FERMO – “Una provincia piena di giovani è il miglior modo per guardare al futuro. Siccome siete la speranza per il territorio, diventate i nostri ambasciatori. Insegnateci ad essere aperti a tutto quello che è conoscenza, che è l’altro. Siamo abituati a vivere a ragionare con la nostra cultura, invece è fondamentale apprendere il modo di vivere degli altri e poi arricchirsi da quello che si conosce”. Introduce così la presidente della Provincia Moira Canigola la mattinata dedicata a Intercultura, progetto che coinvolge gli studenti, le scuole ma anche i comuni, proiettati nel mondo.

“Noi siamo convinti che voi siate il futuro” ribadisce la presidente di Intercultura. 500 i volontari tra Marche ed Emilia al servizio dell’associazione. Sono stati loro il primo tramite per chi ha deciso di partire, ma anche per chi nell’ultimo anno ha ospitato, a Fermo, Jana Ghesquiere dal Belgio, Ana Carolina Castro dal Brasile, Emmachristine Stubberud dalla Norvegia, Sebastian Dalgaard Bak dalla Danimarca. Sono gli stranieri che hanno scelto di passare un anno, o sei mesi, della loro vita in Italia e sono arrivati nelle Marche.

Cinque, invece, gli alunni che dalle province di Fermo, Ascoli e Macerata che partiranno a fine agosto per un anno, altri nove per un periodo più breve. Tre sono fermani: Nicolò Crosta che da Fermo, dove frequenta il Classico, andrà in Francia, Indhia Dimarti studente dello Scientifico di Fermo, che vive a Magliano di Tenna, raggiungerà il Ghana e Elena Jommi, liceo Scientifico, che da Montegiorgio passerà il suo prossimo anno scolastico in America.

Nella mattinata in cui le istituzioni hanno dato a loro il buonviaggio, i vertici di Intercultura hanno anche presentato i risultati di una ricerca effettuata ascoltando 900 alunni partiti e tornati. Il 91% degli intervistati vive tutt’ora all’estero. “Ma quello che vogliamo non è formare strumenti per farli scappare via. Il 68% degli ex partecipanti infatti di dice ‘mi sento molto felice’ contro il 47% della media nazionale e questo è il valore su cui lavorare. perché un giovane felice è una grande risorsa”.
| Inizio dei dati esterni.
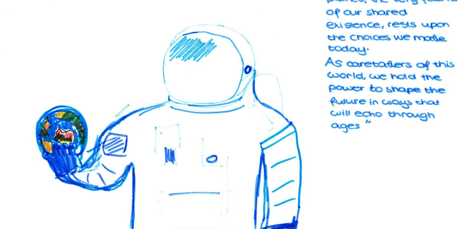 Ze bladert verder en verzucht bij de tekeningen met een aarde erop dat ze zich ook kan storen aan het frame dat we onze planeet gezond moeten maken. Dat is volgens haar een te beperkt beeld. “We kunnen het ons nauwelijks voorstellen, maar de aarde is ook ooit een grote ijsbal geweest. Extreme temperatuurwisselingen zeggen daarom weinig over of de aarde zelf gezond is, maar vooral iets over hoe wij als mens deze planeet kennen.” Dat neemt niet weg dat de mens mede-veroorzaker is van deze klimaatverandering, benadrukt Veenman. “Maar dat we dat willen aanpakken, doen we in eerste instantie toch echt voor onszelf.”

Intercultura si definisce “un progetto che fa crescere l’identità comunitaria. Difatti il 79% degli ex partecipanti sente una grande presenza dell’Ue”. Una generazione che cresce e diventa inclusiva. Chi decide di partire spesso lo fa per imparare l’inglese, ma alla fine “chi partecipa accresce le competenze anche su una seconda lingua. Vedi lo spagnolo, conosciuto dal 47%, insieme all’inglese che supera il 90%”.

Sono carichi gli alunni e pronti a partire, come tutti si definiscono curiosi, socievoli e ambiziosi. “Chi sceglie Intercultura – spiegano i responsabili – può anche provare a vincere una borsa di studio che va ad abbattere i costi. Non è semplice, bisogna superare un test psicoattitudinale, mostrare il livello di conoscenza e avere una media scolastica negli ultimi due anni buona”.

Conta ovviamente anche il reddito. “c’è poi il ruolo delle famiglie. perché uno dei segreti di Intercultura è proprio nel fatto che gli alunni stranieri sono ospitati in casa di coetanei. È un aspetto chiave dell’esperienza, anche per questo chiediamo alle famiglie di partecipare, di avvicinarsi, anche se non hanno intenzione di mandare un proprio figlio all’estero ma sono disposte a vivere l’esperienza di volontariato che rende la propria casa quella di uno studente straniero”.